## Assignment
Please transcribe the entries that follow exactly as they stand, skipping each picture.

## Data to examine
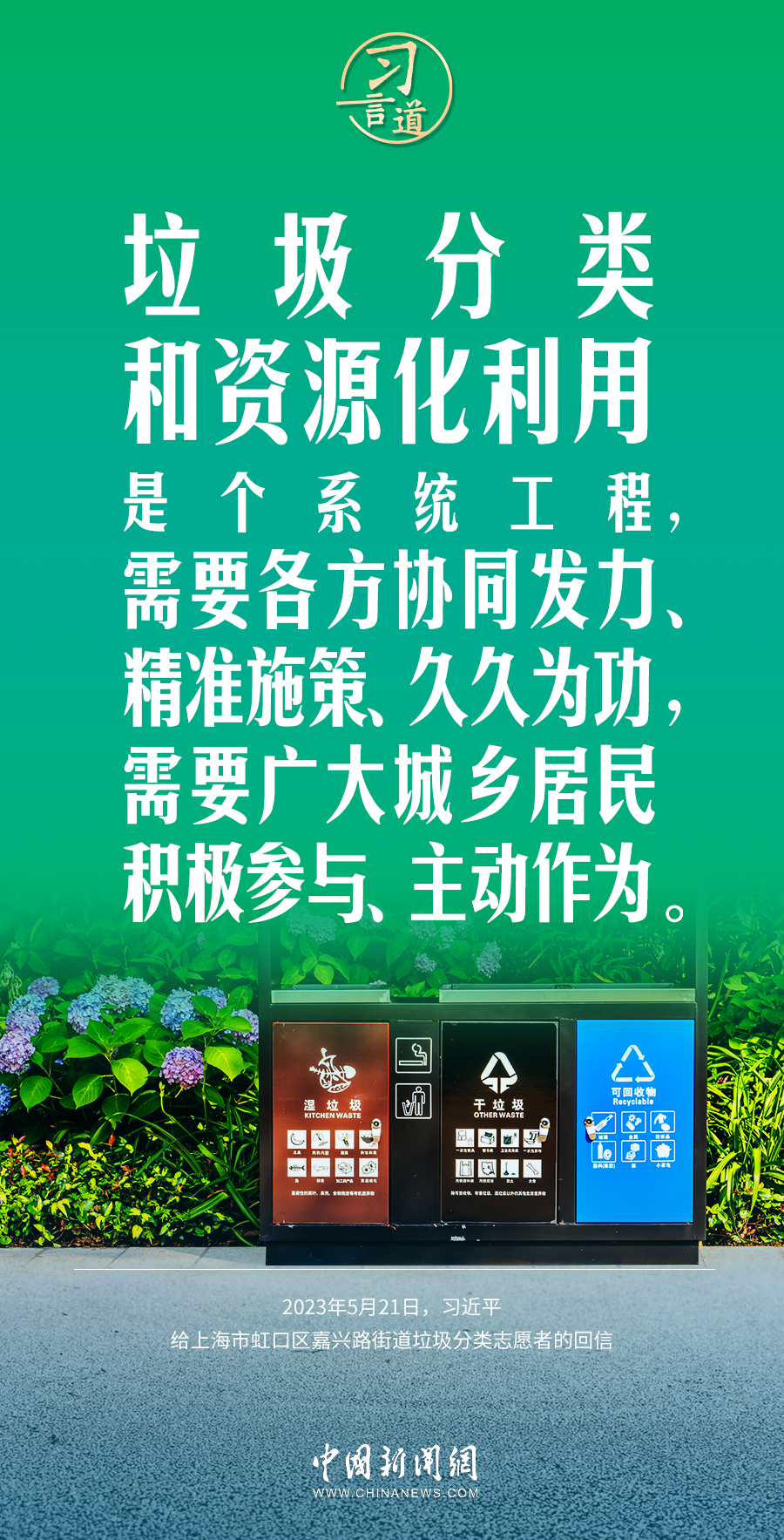 习近平总书记十分关注垃圾分类和资源化利用,多次作出重要论述。
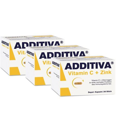 Nahrungsergänzungsmittel sind kein Ersatz für eine ausgewogene und abwechslungsreiche Ernährung und eine gesunde Lebensweise. ADDITIVA® Vitamin C + Zink Depot 300 mg KapselnDepot-Kapseln mit 9 Stunden Retard-Effekt. Trägt zu einer normalen Funktion des Immunsystems bei.Das bekannteste Vitamin ist sicher Vitamin C. Ein wahres Multitalent ist es sowieso: Es stärkt das Immunsystem, schützt das Auge von innen, bewahrt Gefäße vor dem Angriff freier Radikale, stabilisiert Muskeln, Gelenke, Haut und Knochen und begünstigt die Aufnahme von Eisen in den Körper. Auch Zink ist ein wahrer Powerstoff. Dieses Spurenelement reguliert den Hormonhaushalt, sorgt für gesunde Zellen und hilft bei Hautproblemen. Es beeinflusst den Geruchs- und Geschmackssinn, regt den Appetit an und fördert die Gedächtnisleistung. Und: Eine optimale Zinkversorgung stärkt die Abwehr und beugt Infekten vor. Ist das Immunsystem durch besondere Belastungen oder Erkrankungen geschwächt oder soll es allgemein gestärkt werden, können Kapseln und Tabletten mit Depoteffekt – wie ADDITIVA Vitamin C + Zink unterstützend wirken.Zutaten:Vitamin C, Gelatine, Füllstoff mikrokristalline Cellulose, Überzugsmittel Schellack, Zinksulfat, Füllstoff Hydroxy-Propylmethylcellulose, Trennmittel Speisefettsäuren, Trennmittel Talkum, Farbstoff Riboflavin-5-Phosphat Vitamine und Mineralstoffepro Kapsel (0,475 g)% NRV* pro KapselVitamin C300 mg375Zink5,0 mg50Verzehrsempfehlung:1-mal täglich 1 Kapsel mit etwas Flüssigkeit einnehmenHinweis:Die angegebene empfohlene tägliche Verzehrsmenge darf nicht überschritten werden. Schwangere Frauen sollten vor Beginn des Verzehrs ihren Arzt fragen. Nicht für Kinder und Jugendliche unter 18 Jahren. Aufbewahrung:Außerhalb der Reichweite von kleinen Kindern lagern. Trocken lagern.Nettofüllmenge:3 x 60 Kapseln1 Kapsel enthält 300 mg Vitamin C und 5 mg ZinkHerstellerdaten:Dr. B. Scheffler Nachfolger GmbH & Co. KGSenefelderstr. 4451469 Bergisch Gladbach ...
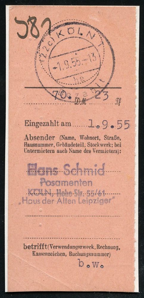 9094 | 10 € | 5000 KÖLN (Post-Freistempel) : (22c) KÖLN 1/ he/ Bezahlt 1955 (1.9.) schwarzer 2K-Hand-PFS mit UB "he" klar auf rosa Postanwesungs-Abschnitt (Dü.A-7, Nr.34 b) | ![]() | |
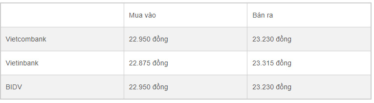 Tỷ giá USD tại các ngân hàng thương mại mua vào và bán ra như sau:Vietcombank: 22,950 đồng - 23,230 đồngVietinBank: 22,875 đồng - 23,315 đồngBIDV: 22,950 đồng - 23,230 đồng
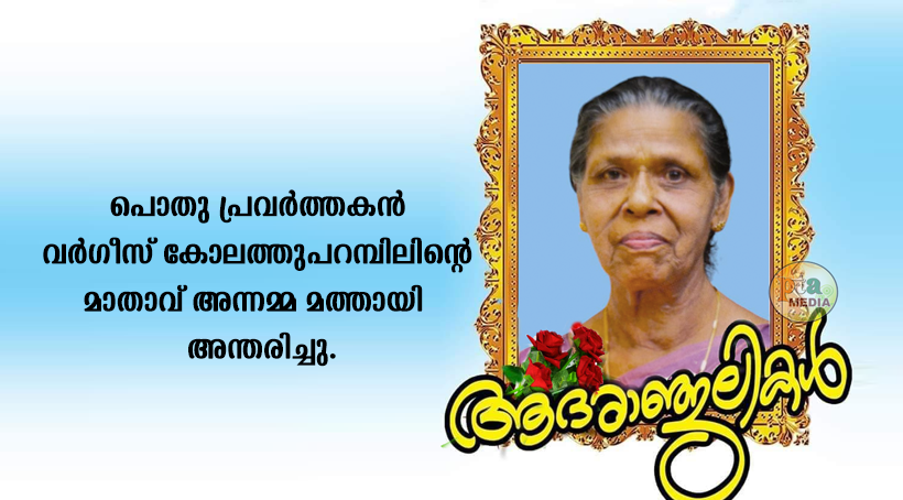 തലവടി: കോൺഗ്രസ് തലവടി മണ്ഡലം പ്രസിഡന്റ് വർഗീസ് കോലത്തുപറമ്പിലിന്റെ മാതാവും ആനപ്രമ്പാൽ കോലത്തുപറമ്പിൽ വർഗീസ് മത്തായിയുടെ (കുഞ്ഞുമോൻ) ഭാര്യയുമായ അന്നമ്മ മത്തായി (72) അന്തരിച്ചു. സംസ്കാരം ഡിസംബർ 02 ?ന് രാവിലെ 11.30ന് ഭവനത്തിലെ ശുശ്രൂഷകൾക്ക് ശേഷം ആനപ്രമ്പാൽ സെന്റ് ജോർജ്ജ് ഓർത്തഡോക്സ്പള്ളിയിൽ.പരേത പാവുക്കര മൂർത്തിട്ട കുടുംബാംഗമാണ്. ഷൈനി,ഷിനു എന്നിവരും മക്കളാണ്. മരുമക്കൾ: ലിബി വർഗീസ് (നിരണം), സജി ചാക്കോ മംഗലശേരിൽ (തിരുവല്ല), സോണിയ ഷിനു (ഇടുക്കി).
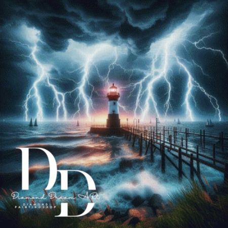 Diamond Painting Bild „Leuchtturm im Sturm“

## Your response
 习近平总书记十分关注垃圾分类和资源化利用,多次作出重要论述。
 Nahrungsergänzungsmittel sind kein Ersatz für eine ausgewogene und abwechslungsreiche Ernährung und eine gesunde Lebensweise. ADDITIVA® Vitamin C + Zink Depot 300 mg KapselnDepot-Kapseln mit 9 Stunden Retard-Effekt. Trägt zu einer normalen Funktion des Immunsystems bei.Das bekannteste Vitamin ist sicher Vitamin C. Ein wahres Multitalent ist es sowieso: Es stärkt das Immunsystem, schützt das Auge von innen, bewahrt Gefäße vor dem Angriff freier Radikale, stabilisiert Muskeln, Gelenke, Haut und Knochen und begünstigt die Aufnahme von Eisen in den Körper. Auch Zink ist ein wahrer Powerstoff. Dieses Spurenelement reguliert den Hormonhaushalt, sorgt für gesunde Zellen und hilft bei Hautproblemen. Es beeinflusst den Geruchs- und Geschmackssinn, regt den Appetit an und fördert die Gedächtnisleistung. Und: Eine optimale Zinkversorgung stärkt die Abwehr und beugt Infekten vor. Ist das Immunsystem durch besondere Belastungen oder Erkrankungen geschwächt oder soll es allgemein gestärkt werden, können Kapseln und Tabletten mit Depoteffekt – wie ADDITIVA Vitamin C + Zink unterstützend wirken.Zutaten:Vitamin C, Gelatine, Füllstoff mikrokristalline Cellulose, Überzugsmittel Schellack, Zinksulfat, Füllstoff Hydroxy-Propylmethylcellulose, Trennmittel Speisefettsäuren, Trennmittel Talkum, Farbstoff Riboflavin-5-Phosphat Vitamine und Mineralstoffepro Kapsel (0,475 g)% NRV* pro KapselVitamin C300 mg375Zink5,0 mg50Verzehrsempfehlung:1-mal täglich 1 Kapsel mit etwas Flüssigkeit einnehmenHinweis:Die angegebene empfohlene tägliche Verzehrsmenge darf nicht überschritten werden. Schwangere Frauen sollten vor Beginn des Verzehrs ihren Arzt fragen. Nicht für Kinder und Jugendliche unter 18 Jahren. Aufbewahrung:Außerhalb der Reichweite von kleinen Kindern lagern. Trocken lagern.Nettofüllmenge:3 x 60 Kapseln1 Kapsel enthält 300 mg Vitamin C und 5 mg ZinkHerstellerdaten:Dr. B. Scheffler Nachfolger GmbH & Co. KGSenefelderstr. 4451469 Bergisch Gladbach ...
 9094 | 10 € | 5000 KÖLN (Post-Freistempel) : (22c) KÖLN 1/ he/ Bezahlt 1955 (1.9.) schwarzer 2K-Hand-PFS mit UB "he" klar auf rosa Postanwesungs-Abschnitt (Dü.A-7, Nr.34 b) | ![]() | |
 Tỷ giá USD tại các ngân hàng thương mại mua vào và bán ra như sau:Vietcombank: 22,950 đồng - 23,230 đồngVietinBank: 22,875 đồng - 23,315 đồngBIDV: 22,950 đồng - 23,230 đồng
 തലവടി: കോൺഗ്രസ് തലവടി മണ്ഡലം പ്രസിഡന്റ് വർഗീസ് കോലത്തുപറമ്പിലിന്റെ മാതാവും ആനപ്രമ്പാൽ കോലത്തുപറമ്പിൽ വർഗീസ് മത്തായിയുടെ (കുഞ്ഞുമോൻ) ഭാര്യയുമായ അന്നമ്മ മത്തായി (72) അന്തരിച്ചു. സംസ്കാരം ഡിസംബർ 02 ?ന് രാവിലെ 11.30ന് ഭവനത്തിലെ ശുശ്രൂഷകൾക്ക് ശേഷം ആനപ്രമ്പാൽ സെന്റ് ജോർജ്ജ് ഓർത്തഡോക്സ്പള്ളിയിൽ.പരേത പാവുക്കര മൂർത്തിട്ട കുടുംബാംഗമാണ്. ഷൈനി,ഷിനു എന്നിവരും മക്കളാണ്. മരുമക്കൾ: ലിബി വർഗീസ് (നിരണം), സജി ചാക്കോ മംഗലശേരിൽ (തിരുവല്ല), സോണിയ ഷിനു (ഇടുക്കി).
 Diamond Painting Bild „Leuchtturm im Sturm“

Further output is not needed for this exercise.